Google DeepMind Researchers successfully trained 20-inch tall humanoid robots to play 1v1 soccer matches using a deep reinforcement learning approach. With the help of this, the robots learned to run, kick, block, get up from falls, and score goals without the need for any manual programming.
Soccer players have to master a range of dynamic skills, from turning and kicking to chasing a ball. How could robots do the same? ⚽
— Google DeepMind (@GoogleDeepMind) April 11, 2024
We trained our AI agents to demonstrate a range of agile behaviors using reinforcement learning.
Here’s how. 🧵 https://t.co/RFBxLG6SMn pic.twitter.com/4B4S2YiVLh
Robots Soccer Training Approach
Researchers at Google DeepMind have designed a technique to train low-cost off-the-shelf bipedal robots to play multi-robot soccer well beyond the level of agility and fluency that is intuitively expected from this type of robot. They used a deep reinforcement learning-based (RL) approach and performed their tests on the widely available Robotis OP3 robots.
The researchers explained that generating robust motor skills in bipedal robots is a challenging task because of the inability of current control methods to generalize to specific tasks. The researchers utilized a deep RL technique to control the body of the Robotis OP3 robots thus allowing them to play one-on-one matches.
With the help of the training method, they aimed at making robots learn a wide variety of tasks such as walking, kicking, getting up from a fall, scoring goals, and defending. They divided the training pipeline into two stages:
They first trained two separate skill policies: one for getting up from the ground and another for scoring a goal against an untrained opponent.
For the get-up skill, they used a sequence of target poses to bias the policy towards a stable and collision-free trajectory. For the soccer skill, the agent was trained to score as many goals as possible against an untrained opponent.
In the second stage, these skills were distilled into a single agent, which was then trained using self-play, where the opponent was drawn from a pool of partially trained copies of the agent itself.
During this stage, the agent played against increasingly stronger opponents, which were sampled from a pool of partially trained copies of the agent itself (self-play).
They used policy distillation to enable the agent to learn from the skill policies, regularizing the agent’s policy towards the relevant skill policy depending on the agent’s state.

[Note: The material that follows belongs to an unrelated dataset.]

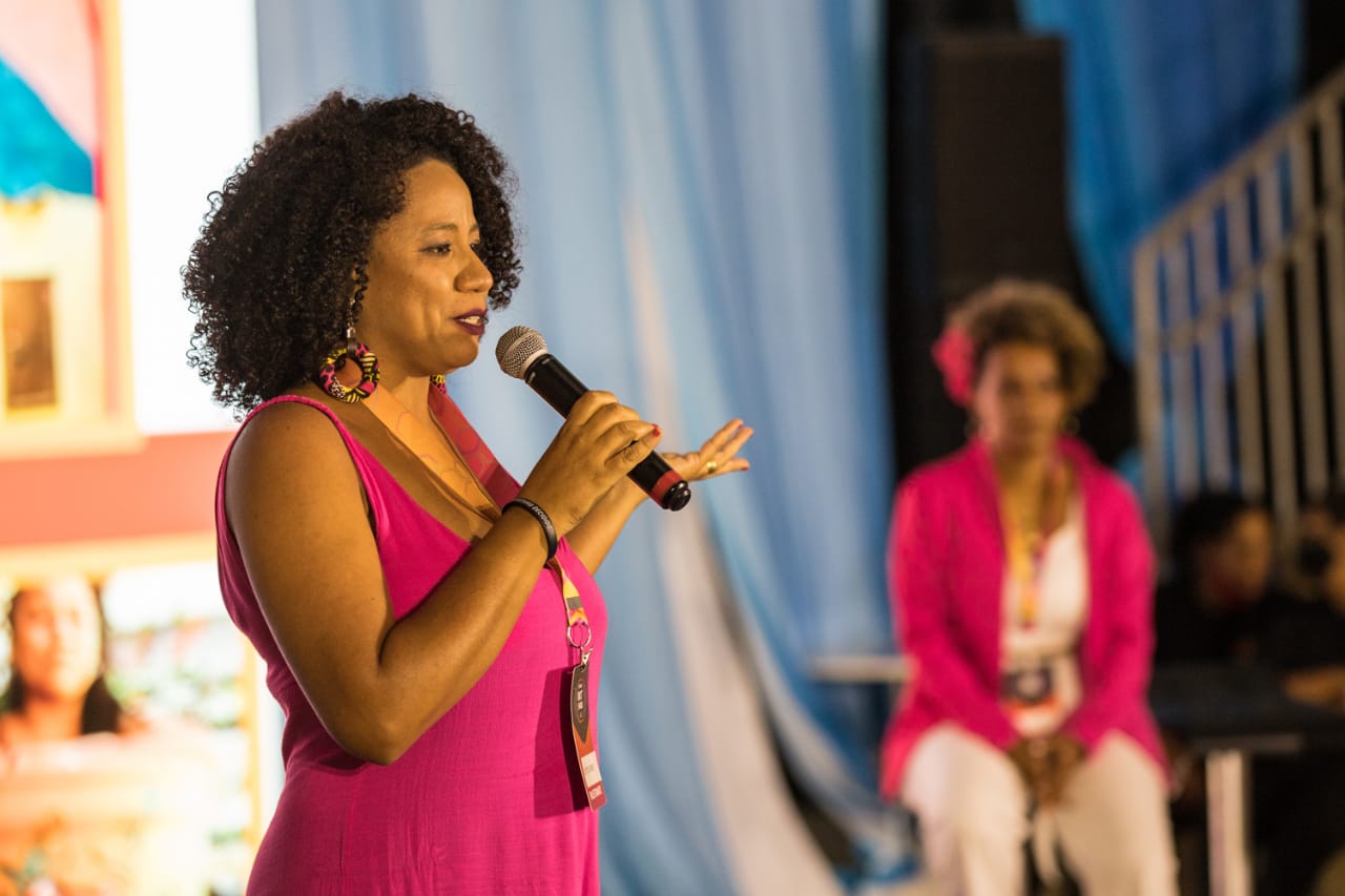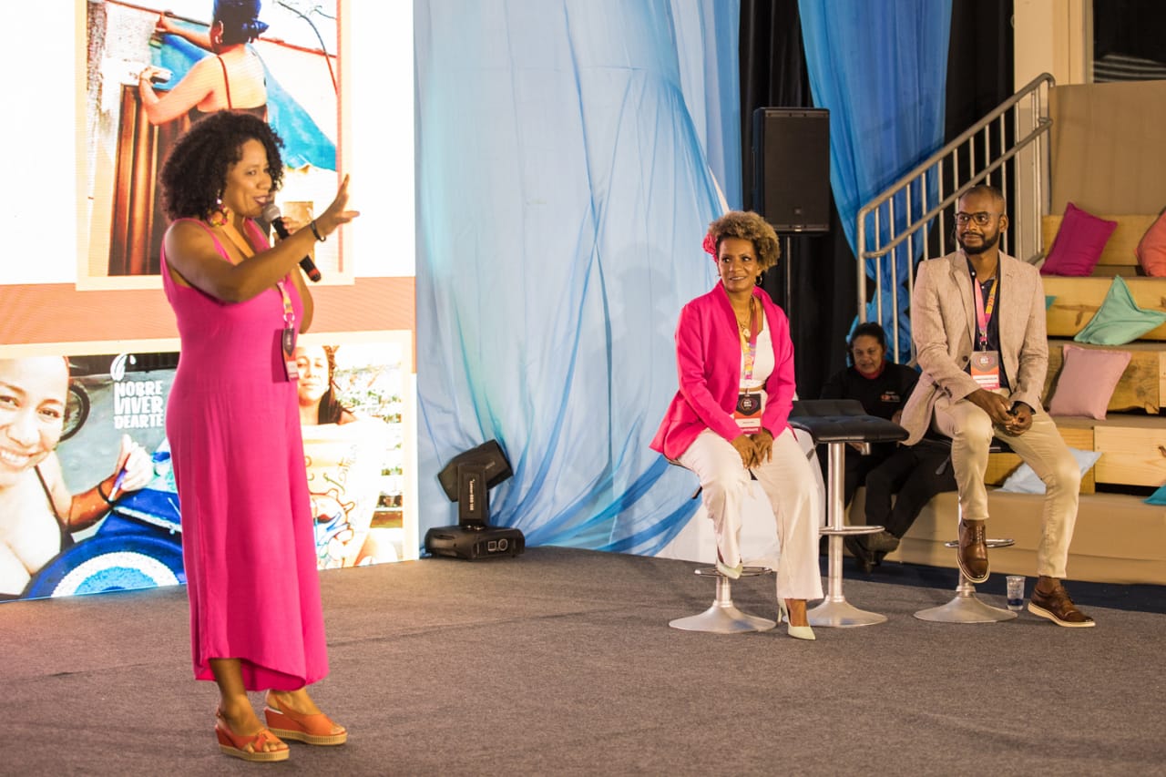 Após a introdução feita por Jonathan, as afroempreendedoras apresentaram seus casos de sucesso. A primeira delas foi Rosiléa, que fundou a loja Divinas Pretas ao perceber que o mercado local não oferecia tantas opções de produtos de beleza e cosméticos para mulheres negras.

This allowed the agent to integrate previously learned skills, refine them for the complete soccer task, and anticipate the opponent’s actions. They utilized various techniques such as shaping rewards, domain randomization, and random perturbations to enhance exploration and ensure safe transfer to real robots.
To improve the robustness of the policies and facilitate safe transfer to real robots, the researchers employed techniques such as domain randomization, perturbations during training, and shaping reward terms.
The robots were trained in a simulated environment using the MuJoCo physics engine and then the resulting policy was directly deployed on real Robotis OP3 miniature humanoid robots without any fine-tuning.
Here are The Results
The trained robots exhibited impressive performance in real-world tests. They outperformed specialized manually designed controllers in key behaviours such as walking (181% faster), turning (302% faster), getting up (63% less time), and kicking (34% faster with a run-up approach). T
The robots also demonstrated opponent awareness, adaptive footwork, and the ability to quickly recover from falls:
Our players were able to walk, turn, kick and stand up faster than manually programmed skills on this type of robot. 🔁
— Google DeepMind (@GoogleDeepMind) April 11, 2024
They could also combine movements to score goals, anticipate ball movements and block opponent shots – thereby developing a basic understanding of a 1v1 game. pic.twitter.com/1Bty4q9tDN
During 1v1 soccer matches, the robots showcased a variety of emergent behaviours, including agile movements, recovery from falls, object interaction, and strategic behaviours such as defending and protecting the ball with their bodies.
Remarkably, these robots exhibited higher speed compared to those controlled by traditional scripted methods, indicating the potential utility of this framework for orchestrating more intricate interactions among multiple robots.
They smoothly transitioned between different behaviours and adapted their tactics based on the game context. This approach enabled emergent behaviours to be discovered and optimized for specific contexts, allowing the agent to learn and adapt more effectively.
The results showed that pretraining separate soccer and get-up skills was crucial for success, as attempting to learn end-to-end without these separate skills led to suboptimal solutions. By using a minimal set of pre-trained skills, they simplified reward design, improved exploration, and avoided poor locomotion outcomes.
The ability of the robots to learn and adapt to various complicated situations, combine different skills, and make strategic decisions during soccer gameplay highlights the potential of deep reinforcement learning in the field of AI-based robotics.
Such an approach leads to advancements in the development of general robots, rather than training them for specific tasks.
Google Deepmind team is also working on the TacticAI System that provides experts with tactical insights mainly on corner kicks.
Conclusion
The success achieved by researchers at Google DeepMind marks a significant step forward in the creation of intelligent autonomous robots. The deep reinforcement learning approach to training, combined with techniques like domain randomization and self-play, can enable robots to learn complex tasks and adapt to dynamic environments.